# Taurus 608



## Bad03xtreme

I am looking to purchase a Taurus .357 Magnum for home protection. I have decided I want a revolver for safety purposes and I wanted something with some kick so I decided on the Taurus 608. I have heard that when shooting with .38 bullets it has the recoil of a .22 so I think my finance could handle it. I can't decide on the 4" or 6" barrel though so I was looking for some advice on the gun and where to purchase one. Thanks!!:smt1099


----------



## Baldy

The 4" model of any make of revolver is about as well balanced as it gets.
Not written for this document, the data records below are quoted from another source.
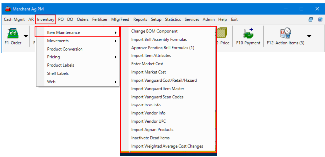 Use the Item Maintenance Menu for all functions related to mass updates of items at once such as changing costs, updating scan codes,or inactivating dead items. Select the menu title to learn more about each option available.
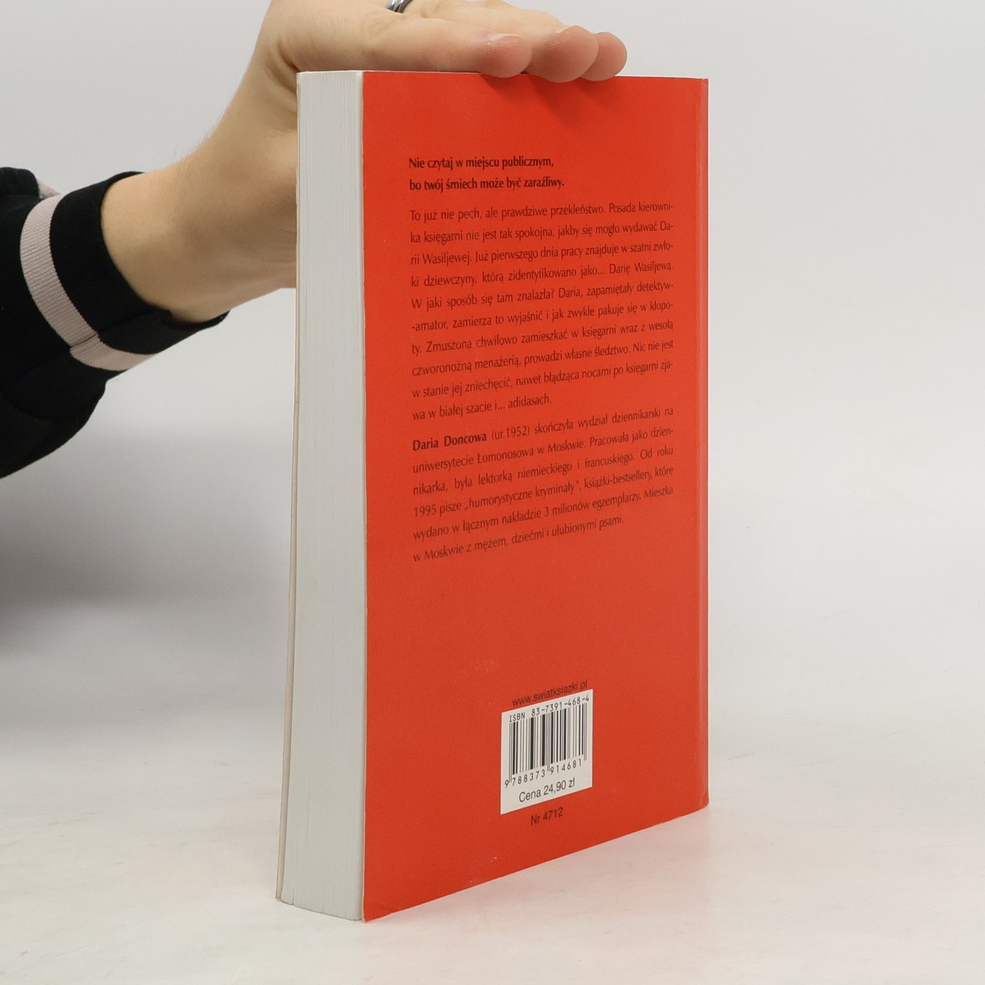 To już nie pech, ale prawdziwe przekleństwo. Posada kierownika księgarni nie jest tak spokojna, jakby się mogło wydawać Darii Wasiljewej. Już pierwszego dnia pracy znajduje w szatni zwłoki dziewczyny, którą zidentyfikowano jako... Darię Wasiljewą. W jaki sposób się tam znalazła? Daria, zapamiętały detektyw-amator, zamierza to wszystko wyjaśnić i jak zwykle pakuje się w kłopoty. Zmuszona chwilowo zamieszkać w księgarni wraz z wesołą czworonożną menażerią, prowadzi własne śledztwo. Nic nie jest w stanie jej zniechęcić, nawet błądząca nocami po księgarni zjawa w białej szacie i... adidasach.
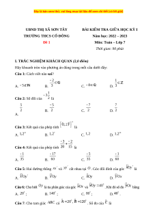 Năm học: 2022 – 2023 Đề 1 Môn: Toán – Lớp 7 Thời gian: 90 phút

So far as recoil from .38s it is light compared to full house .357s. You said you wanted it for a house/range gun and that would be a perfect choice. I would take a good look at the Ruger GP-100 before I made my mind up. For maybe a few dollars more you will have a gun that your grandson will thank you for some day. Good luck.


----------



## Bad03xtreme

Thanks for the advice, I will check out the Ruger before I purchase anything. I was leaning towards the Taurus because of the 8 rounds it holds. -Thanks


----------



## Snowman

Bad03xtreme said:


> Thanks for the advice, I will check out the Ruger before I purchase anything. I was leaning towards the Taurus because of the 8 rounds it holds. -Thanks


For home defense this may be a good choice because 8 > 6. I have a GP100 with a 6" barrel, myself. Strictly for protection the Taurus may be the way to go, but I'll say this: there's no tougher gun than a Ruger and it will drive tacks!


----------



## big dutchman

i will vouch for the rugers as well. they make an extremelt reliable gun. i would trust a 5 or 6 shot ruger over any taurus 8 shot.


----------



## Magicmanmb

Have both 608 4"and a Ruger SP101 3" my wife (5' 118) prefers the 608 just because of the weight both weapon and trigger pull. See if you can find a range or someone local that has one or both for rent or will let you borrow and try her with both, see which one she likes better


----------



## camogun

*looking for a good deal*

Have you tried auctionarms.com .I just purchased a Taurus 4" model 689 ss in .357 for $350.00 from this web site.It's in excellent condition and cheaper than if I bought it new.They also have plenty of Ruger,S&W and Colt handguns.Also just about anyhing else you may be looking for.I'll update you on this purchase in a couple of weeks after I get back home from the road.I will take the ccw class for my permit at that time as well.You might want to check auctionarms website out,you may find a good deal.See you later.


----------



## Bad03xtreme

I was looking on auction arms and found a ROSSI MODEL 972 that was similar to the 608. I don't know much about the Rossi models are they a decent brand?


----------



## greenjeans

Taurus now owns Rossi. Have only had one Rossi and it was a good revolver. Probably wouldn't want to buy one to shoot 1000 rounds per month, but I think for the occasional target shooter, they would be ok.


----------



## Python1969

Just curious; what did you decide to purchase Bad03xtreme?

I was looking at the 608SS4 and found the trigger, both SA and DA to be smoother than a 686 I was also looking at.


----------